== Description of the task ==
For this exercise, print all of the entries exactly as given.

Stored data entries
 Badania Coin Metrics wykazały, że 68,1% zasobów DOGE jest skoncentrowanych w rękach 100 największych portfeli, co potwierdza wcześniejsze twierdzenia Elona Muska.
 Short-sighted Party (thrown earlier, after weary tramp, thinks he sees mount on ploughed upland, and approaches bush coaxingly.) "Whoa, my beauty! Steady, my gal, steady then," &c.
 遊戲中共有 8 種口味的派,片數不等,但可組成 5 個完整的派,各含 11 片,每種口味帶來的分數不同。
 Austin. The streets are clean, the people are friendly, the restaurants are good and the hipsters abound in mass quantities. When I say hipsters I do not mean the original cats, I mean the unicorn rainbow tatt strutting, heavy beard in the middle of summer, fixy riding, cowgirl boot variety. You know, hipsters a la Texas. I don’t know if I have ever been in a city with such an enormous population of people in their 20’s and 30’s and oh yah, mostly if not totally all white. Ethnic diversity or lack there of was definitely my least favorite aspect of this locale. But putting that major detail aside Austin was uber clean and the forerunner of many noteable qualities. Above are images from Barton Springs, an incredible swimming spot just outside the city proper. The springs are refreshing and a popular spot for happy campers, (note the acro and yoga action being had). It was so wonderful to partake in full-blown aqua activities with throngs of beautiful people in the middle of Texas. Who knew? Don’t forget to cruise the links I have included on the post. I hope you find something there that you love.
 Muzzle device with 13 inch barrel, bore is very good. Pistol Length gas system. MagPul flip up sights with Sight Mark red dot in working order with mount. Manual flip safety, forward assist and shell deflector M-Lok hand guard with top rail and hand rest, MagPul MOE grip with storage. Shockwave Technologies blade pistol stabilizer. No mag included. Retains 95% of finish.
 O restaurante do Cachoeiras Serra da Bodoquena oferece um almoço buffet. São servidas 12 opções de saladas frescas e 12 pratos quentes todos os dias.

== Output of the task ==
 Badania Coin Metrics wykazały, że 68,1% zasobów DOGE jest skoncentrowanych w rękach 100 największych portfeli, co potwierdza wcześniejsze twierdzenia Elona Muska.
 Short-sighted Party (thrown earlier, after weary tramp, thinks he sees mount on ploughed upland, and approaches bush coaxingly.) "Whoa, my beauty! Steady, my gal, steady then," &c.
 遊戲中共有 8 種口味的派,片數不等,但可組成 5 個完整的派,各含 11 片,每種口味帶來的分數不同。
 Austin. The streets are clean, the people are friendly, the restaurants are good and the hipsters abound in mass quantities. When I say hipsters I do not mean the original cats, I mean the unicorn rainbow tatt strutting, heavy beard in the middle of summer, fixy riding, cowgirl boot variety. You know, hipsters a la Texas. I don’t know if I have ever been in a city with such an enormous population of people in their 20’s and 30’s and oh yah, mostly if not totally all white. Ethnic diversity or lack there of was definitely my least favorite aspect of this locale. But putting that major detail aside Austin was uber clean and the forerunner of many noteable qualities. Above are images from Barton Springs, an incredible swimming spot just outside the city proper. The springs are refreshing and a popular spot for happy campers, (note the acro and yoga action being had). It was so wonderful to partake in full-blown aqua activities with throngs of beautiful people in the middle of Texas. Who knew? Don’t forget to cruise the links I have included on the post. I hope you find something there that you love.
 Muzzle device with 13 inch barrel, bore is very good. Pistol Length gas system. MagPul flip up sights with Sight Mark red dot in working order with mount. Manual flip safety, forward assist and shell deflector M-Lok hand guard with top rail and hand rest, MagPul MOE grip with storage. Shockwave Technologies blade pistol stabilizer. No mag included. Retains 95% of finish.
 O restaurante do Cachoeiras Serra da Bodoquena oferece um almoço buffet. São servidas 12 opções de saladas frescas e 12 pratos quentes todos os dias.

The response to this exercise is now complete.